Common worries, settled

People often hesitate over two fears: being locked out, and the hassle. Lock-out is solved by saving recovery codes and registering more than one method where possible, such as a passkey on two devices. The hassle is smaller than expected — many services only re-prompt on new devices or occasionally, so day-to-day life barely changes while your protection rises sharply.

And none of this replaces good passwords; it layers on top of them. A long, random password from our password generator, combined with a strong second factor, is a genuinely tough combination to beat. If you want to sanity-check an existing password first, our password analyser estimates its strength right in your browser.

The bottom line

Two-factor authentication turns a stolen password into a dead end, and passkeys remove the stealable password almost entirely. Turn on the strongest option your key accounts offer, keep your recovery codes somewhere safe, and you will have closed the door on the most common kind of account takeover.

Frequently asked questions

Is SMS two-factor authentication still worth using?

Yes — any 2FA is far better than none. But if an authenticator app or a passkey is offered, choose that instead, because text codes can be intercepted through SIM-swapping and phishing.

What happens if I lose my phone with the authenticator app?

This is why you save backup codes when you set 2FA up. Store them somewhere safe and offline. Many authenticator apps also let you back up encrypted copies so you can restore them on a new device.

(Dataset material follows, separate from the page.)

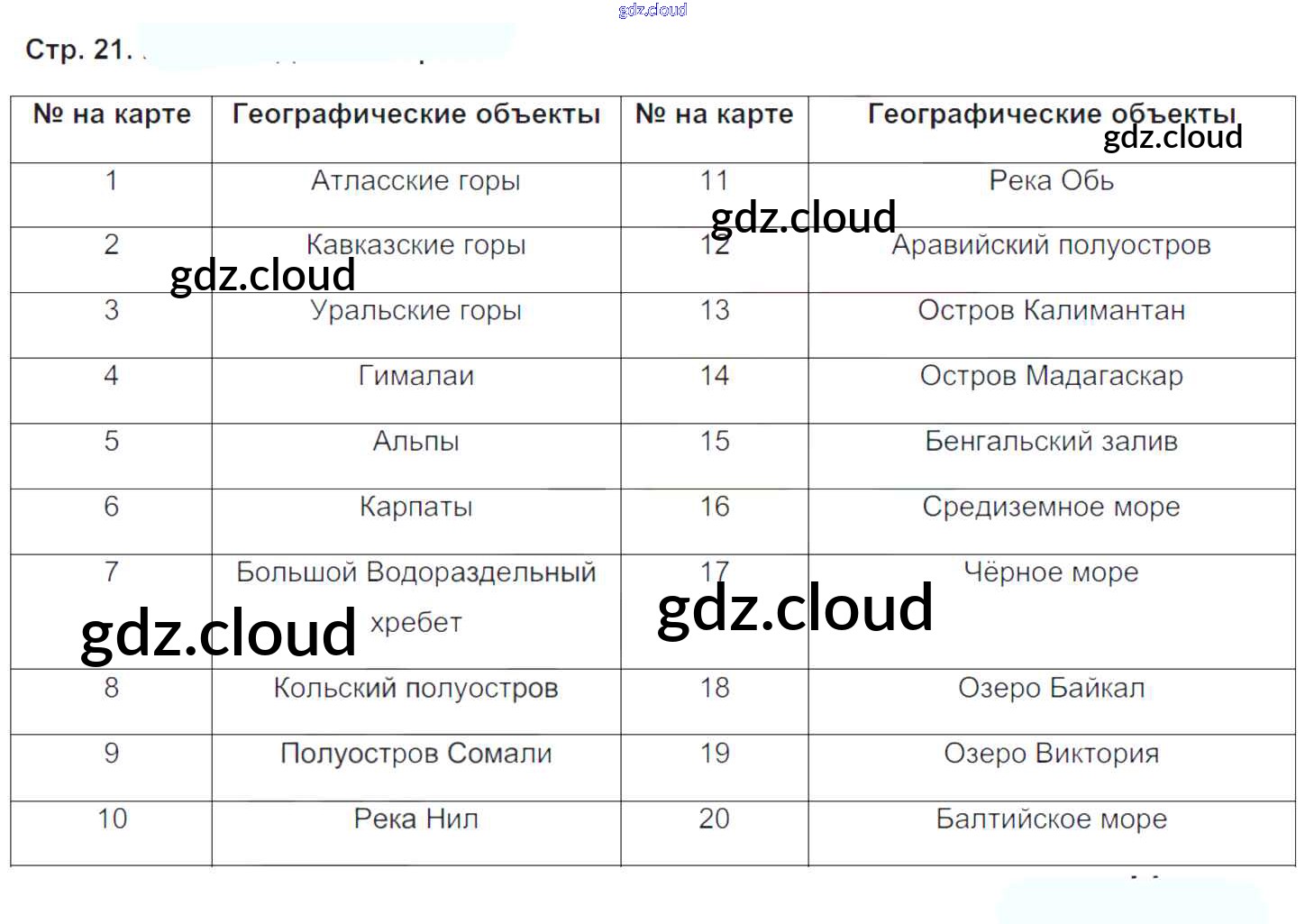 Ответ на задание 21 Рабочая тетрадь География за 5, 6 (пятый, шестой) класс Сиротин 2019 ФГОС онлайн и без номера телефона.

Are passkeys safer than passwords?

For most people, yes. A passkey cannot be reused, guessed or phished in the usual way, because the secret never leaves your device and only works on the genuine website it was created for.

Do I still need a password if I use a passkey?

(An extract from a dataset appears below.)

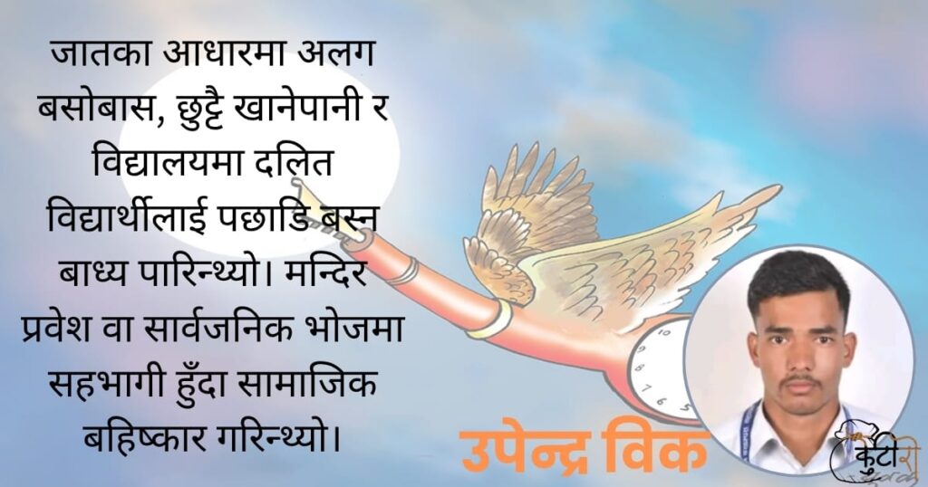 जातका आधारमा अलग बसोबास, छुट्टै खानेपानी र विद्यालयमा दलित विद्यार्थीलाई पछाडि बस्न बाध्य पारिन्थ्यो। मन्दिर प्रवेश वा सार्वजनिक भोजमा सहभागी हुँदा सामाजिक बहिष्कार गरिन्थ्यो। लामो समयदेखि नेपाली समाज जात, लिङ्ग, वर्ग, धर्म, र सांस्कृतिक पहिचानका आधारमा विभाजित रहँदै आएको छ। दलित, जनजाति, महिला, मुस्लिम, थारु, लैङ्गिक तथा यौनिक अल्पसङ्ख्यक समुदायले लामो समयदेखि सामाजिक अपमान र […]

Often the account still has a password as a fallback, so keep it strong and unique. Over time some services may let you remove the password entirely once a passkey is set up.

Can I use the same passkey on my phone and laptop?

Yes. Passkeys sync through your platform or password manager, and you can also approve a sign-in on a nearby device, so one account can be reached from several of your gadgets.

This article is general online-safety education, not professional security advice.